When voters here speak, German politicians listen. Five years ago, NRW voters ousted the ruling Social Democrats after an incredible 40 years in power, setting in motion a chain of events that toppled the then chancellor Gerhard Schröder.
Now his successor, Angela Merkel, is watching nervously: if voters oust her Christian Democrat (CDU) allies from the state parliament in Düsseldorf tomorrow, she loses her political majority in Berlin’s upper house of parliament and, with it, her ability to govern effectively. And in the closely-knit eurozone, a lame-duck government in Berlin has consequences for everyone.
THE ELECTION has come at the worst possible moment for Merkel: despite her best efforts to stall, circumstances forced her to push through Germany’s €22 billion loan package to Greece yesterday, just 48 hours before the NRW poll.
In cities such as Duisburg, where one arm is already being tapped to fund its eastern cousins, people resent having to open a vein in the other arm to support distant, spend-thrift strangers.
Not even a swim in the chilly city pool can cool tempers here. If anything, the Greek deal is just one more reason why many people here won’t bother voting tomorrow. The other reason is a growing feeling of helplessness amid the chilly winds of globalisation.
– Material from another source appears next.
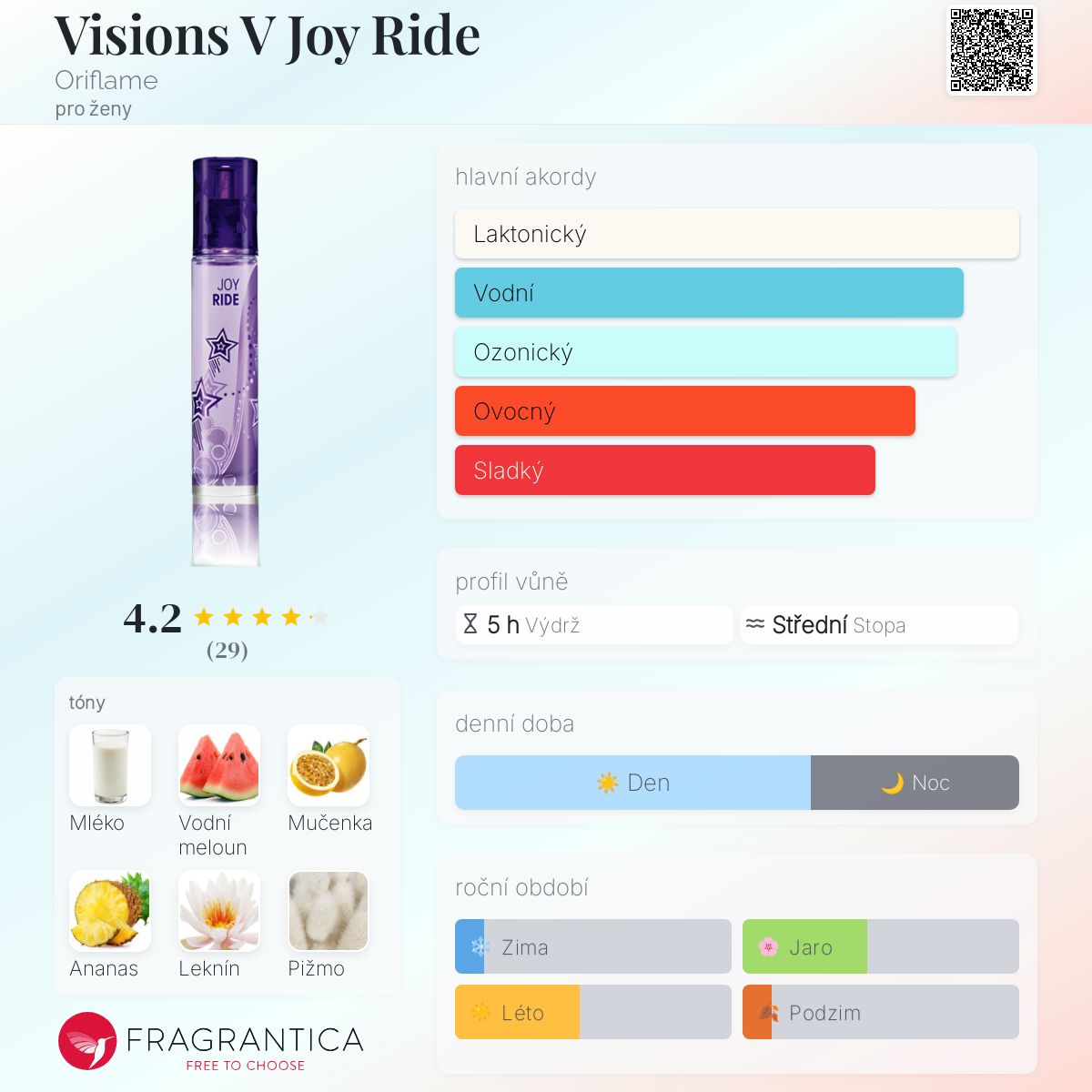 Visions V Joy Ride podle Oriflame je Floral Fruity vůně pro ženy. Visions V Joy Ride byl/a uveden/a v roce 2009. "Nosem" za touto vůní je Philippe Roques. Vrchní tóny jsou Vodní meloun, Mučenka a Sladký pomeranč; střední tóny jsouAnanas, Leknín a Brambořík ; základní tóny jsou Mléko, Pižmo a Jantar (ambra).

Down the road from Duisburg in Düsseldorf, Frank Rabes downs an after-work beer in the Schlössel pub and tells how one friend after another in the steel industry lost their jobs in the past decade.
“Now they hire unskilled workers for €6.50 an hour, teach them to do one thing and call themselves services companies,” says the 50- year-old metalworker, who is dressed head-to-toe in denim.
With its huge working-class population, the Ruhr was once a stronghold of Social Democrat (SPD) voters. Rabes says he’s an SPD voter at heart, but like many here he has no interest in voting. The forces at work, squeezing his quality of life, are beyond the control of any political party, he says.
“The politicians just smooth the way: hire-fire laws are loosened up and wages are slashed, all in the name of greater flexibility,” says the Düsseldorf native. “This used to be a steel city, but now it’s an office city just like any other.”
After years of decline, a huge Ruhr rescue effort is under way – with an uncertain outcome. As the area is a European capital of culture in 2010, the state government hopes to change how locals and visitors view the region, away from an industrial and towards a cultural metropole.
BUT CULTURE cannot hope to fill the gaping hole left in the economy by steel and coal. That role has fallen to Duisport, Europe’s largest inland harbour, outside Duisburg.
Built a century ago for the industrial age, the massive area of cranes, container ships and warehouses on the Rhine River has transformed itself into a highly profitable logistics hub. Some 110 million tonnes of cargo pass through here annually, where the water hub linking Hamburg and Rotterdam meets the rail hub between the Benelux countries and eastern Europe. Some 36,000 jobs have been created through Duisport in the past decade, and the facility is struggling to keep up with demand for its services.
“The transformation of the region is well under way, though cliches about the Ruhr smokestacks and pollution persist,” says Jan Boruszewski, the head of Duisport corporate development. “But people here in the Ruhr are used to knuckling down and aren’t afraid of hard work.” Once, in the industrial age, Germany’s Ruhr region got the world moving. Now, in the globalised age, its ambition is to keep the world moving.